How the UBC creators of AutoStitch revolutionized computer vision and sparked a spinoff tsunami

AutoStitch can create panorama images such as this one.

When David Lowe first wrote a computer algorithm to identify objects in images, he never envisioned it popping up on nearly half a million iPhones and in supermarket checkout lines.

But since its research publication in 1999, the Scale-Invariant Feature Transform (SIFT) algorithm, developed by Lowe, has been licensed by more than 20 companies, making it the most widely adopted invention in University of British Columbia history.

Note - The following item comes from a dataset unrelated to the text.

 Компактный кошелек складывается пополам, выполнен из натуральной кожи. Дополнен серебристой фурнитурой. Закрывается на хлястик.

“My interest at the time was to solve a long-standing research problem in the field of computer vision,” recalls Lowe, a professor in UBC’s Department of Computer Science. “If we take a picture of an object, how does the computer recognize the same object in a different image, where the size, orientation or brightness may have changed?”

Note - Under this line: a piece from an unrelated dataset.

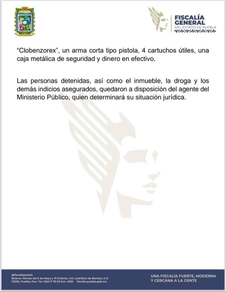 De acuerdo con la FGE, la acción se realizó en coordinación con la Guardia Nacional y la Secretaría de Seguridad Pública Estatal, tras labores de inteligencia y denuncias ciudadanas, que permitieron ubicar un inmueble en la carretera Atlixco–Izúcar de Matamoros, señalado como punto de venta y distribución de droga.

SIFT quickly caught the attention of Sony, which was making its foray into high-tech toys with AIBO the robot dog. SIFT gave AIBO sight, enabling it to recognize shapes on cue cards and perform corresponding tasks.

Then Lowe and his then graduate student Matthew Brown created AutoStitch, the world’s first fully automatic image-stitcher, which creates panoramic images from multiple shots. Cloudburst Research was formed to build an iPhone and iPad app based on AutoStitch, and has recently released an Android version.

Since then, the algorithm has found its way into supermarket anti-theft systems – by matching images of products in shopping carts to those on store shelves – and most recently in tools that assist visually impaired users. One licensee integrated it into an electronic magnifier to bring images from lecture theatre screens onto laptops; another company uses SIFT to identify paper currency and confirm its denomination, and is now developing a tool that scans a kitchen to create an inventory of its contents while helping users distinguish between similarly shaped items such as cans of soup.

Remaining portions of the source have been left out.